Corals Are Paleontological Clocks

The Joe Webb Peoples collections here at Wesleyan contain an incredible amount and variety of corals, ranging in age through the Paleozoic, Mesozoic, and Cenozoic eras to the late 1800s. These corals can tell us many things about Earth’s environments in the past, from just before the industrial age back to the far distant past.

If you have never heard of corals, they are Cnidarians (the Phylum containing the stinging jellyfish). Corals are sessile (do not move) animals, that look more like an elaborate plant than an animal, with a hard outer skeleton. Many but not all corals are colonial, i.e., they live in large colonies, built up by their skeletons, and form coral reefs. They form these skeletons through secretion of calcium carbonate attached to a hard substrate (usually previous generations of coral). It can take hundreds to thousands of years and many generations for a large coral reef to form. Inside the hard calcium carbonate skeleton is the coral’s polyp, a small organism with one opening 9mouth and an us), tentacles, and a stomach. Corals require water movement to bring in food and to flush waste products. If the water is too murky, the corals can be choked by sediment.

In the long ago time period called the Paleozoic (from ~ 541 to 252 million years ago) two main groups of ancient corals, now extinct, dominated Earth’s reef systems, the Tabulate and the Rugose corals. The Tabulate corals were almost always colonial and formed calcite skeletons of hexagonal or circular cells that were joined by pores and resembled honeycombs. The Rugose corals were generally bigger and had a mixture of both solitary and some colonial species. They are commonly referred to as horn corals. We are the lucky owners of exceptional specimens in our collection that display how these corals likely rested on the seafloor. Only the carbonate skeletons of these two ancient groups are preserved, but it is commonly inferred that these Paleozoic corals also possessed the stinging cells with which all Cnidarians are equipped. It is also unknown whether the colonial corals of the past oceans were involved in a similar symbiotic relationship as some modern corals are, with zooxanthellae (see below).

A solitary rugose coral preserved as perched on the seabed (left). This incredibly well-preserved tabulate coral shows the colonial nature of these organisms (middle). If you look closely you can see the honeycomb structure for which these corals are famous  (right). The origin of the blue-green color is a bit of mystery. 

Modern corals, which originated after 252 million years ago in the Mesozoic, are called Sceleractinian corals. They are divided into two main groups: hermatypic and ahermatypic corals. The former (hermatypic) corals have a symbiotic relationship with zooxanthellae (a form of microscopic algae) in their tissues, but the latter (ahermatypic) corals do not rely on photosynthesis by internal algae, and must catch their food. We just can say that these hermatypic corals are at the same time animal (the polyp), vegetable (the symbiotic algae) and mineral (the calcareous skeleton).

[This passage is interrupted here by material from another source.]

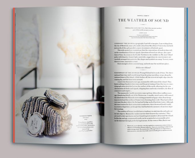 The book’s proportion and page program were structured around an image block that would partially bleed onto its facing page. To make room for this, the classically proportioned text area (constructed by Van de Graaf’s canon) is weighted away from the gutter. All objects—centerpoints for captions, page numbers, indents, etc.—are placed along the intervals of the mystic chord.
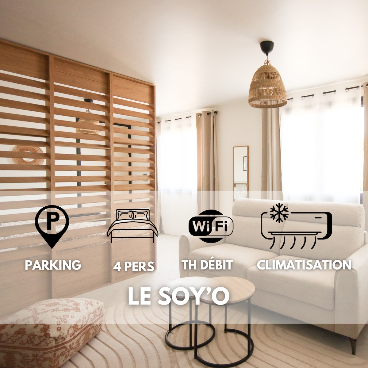 Soya4 nəfərə qədər insanı qəbul edə bilən 40 m2-lik mənzildir. Mənzil kondisionerlidir və xüsusi təhlükəsiz parkinqi var. Soyaux Town Hall ilə üzbəüz yerləşən mövqeyi Angoulême (10 dəq), Soyaux ticarət sahəsi (5 dəq) və ya Elsan Klinik Mərkəzinə (5 dəq) çatmaq üçün idealdır. Döşəkağılar və dəsmallar təmin edilir. Pulsuz lifli Wi-Fi. Mənzil çox sakit bir yerdə və bütün imkanlara yaxın bir yerdə yerləşir.

Hermatypic corals are restricted to clear, shallow waters in the photic zone because their internal algae need light to photosynthesize. The relationship allows hermatypic corals to live in food-poor waters, and there form the massive reefs that make corals famous. Ahermatypic corals do not need light, and thus can survive at great depths, in cold and dark waters, up to 6,000 m, at temperatures only 1 ºC above freezing. Many deep-sea corals are solitary and do not form large reefs, although diverse deep-water reefs have become known in the last few decades. Coral bleaching of hermatypic corals occurs as our oceans are getting warmer and more acidic: the zooxanthellae – symbionts of these corals  are expelled from their coral partners, thus turning the coral white. Such white corals do not longer receive food from internal algae, and die.

Modern colonial corals on display on the 4th floor of Exley , including the unmistakable and popular brain coral in the middle. 

Corals have distinct banding on their epitheca, which is the name for the external layer of their hard calcium carbonate skeletons. These bands have been known to represent annual growth, similarly to tree rings. The annual bands contain finer bands, that are thought to represent monthly growth, and the monthly bands are made up of even finer bands. These finest bands are presumed to be daily growth layers, due to the periodic deposition of calcium carbonate by corals: more deposition when it is light, during the day time, when the zooxanthellae are actively photosynthesizing, less at night, as shown by Thomas F. Goreau for living corals. This similarity between living an d extinct corals has been used as evidence to support the theory that these bands in fossil corals are also growth bands. 

 

Examples of growth bands in Paleozoic corals in our collection  at Wesleyan. The fine bands that likely represent daily to monthly growth patterns are clearly seen in the specimen to the left, while the other corals shows  radial growth and honeycombing. All three specimens are from the early to middle Paleozoic.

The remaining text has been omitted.